Heat and glass can cause injuries, Robbins said.

Contributions to Science

“You’re working with fire and you’re working with glass, so the risk factors are high,” he said, but injuries happen less frequently than might be expected.

Heimback himself, after 28 years in the trade, displays scars and burns on his hands and forearms.

Glass — which consists of sand and additives for heat resistance — acts like a solid, but has many of the properties of liquids.

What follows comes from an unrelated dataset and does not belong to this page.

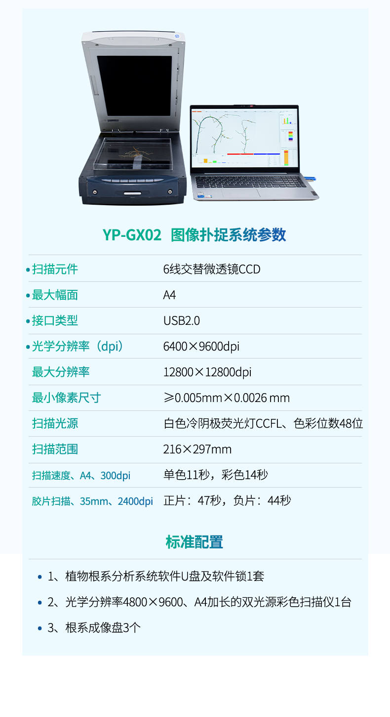 1、植物根系分析系統軟件U盤及軟件鎖1套

“It’s actually flowing all the time,” Heimback said.

When glass is heated — to temperatures of 3,900 to 5,400 degrees Fahrenheit — it begins to flow more quickly and becomes flexible.

“It wants to twist and turn and bend,” Heimback said. Because it’s cheap, easy to work with and clear, he added, “glass is a perfect research tool.”

Glassblowers created the first contact lenses and made possible the laser printer and the first semiconductor discs, Briening said.

At Merck, many of the pieces created by the glassblowers are unique.

While the more repetitious aspects of the trade have been automated, Smith said, most glassblowers aren’t afraid they will lose their jobs to machines.

“Philosophically, anything can be automated,” he said, adding, “You have companies that downsize. I’ve never seen them lay off a glassblower.”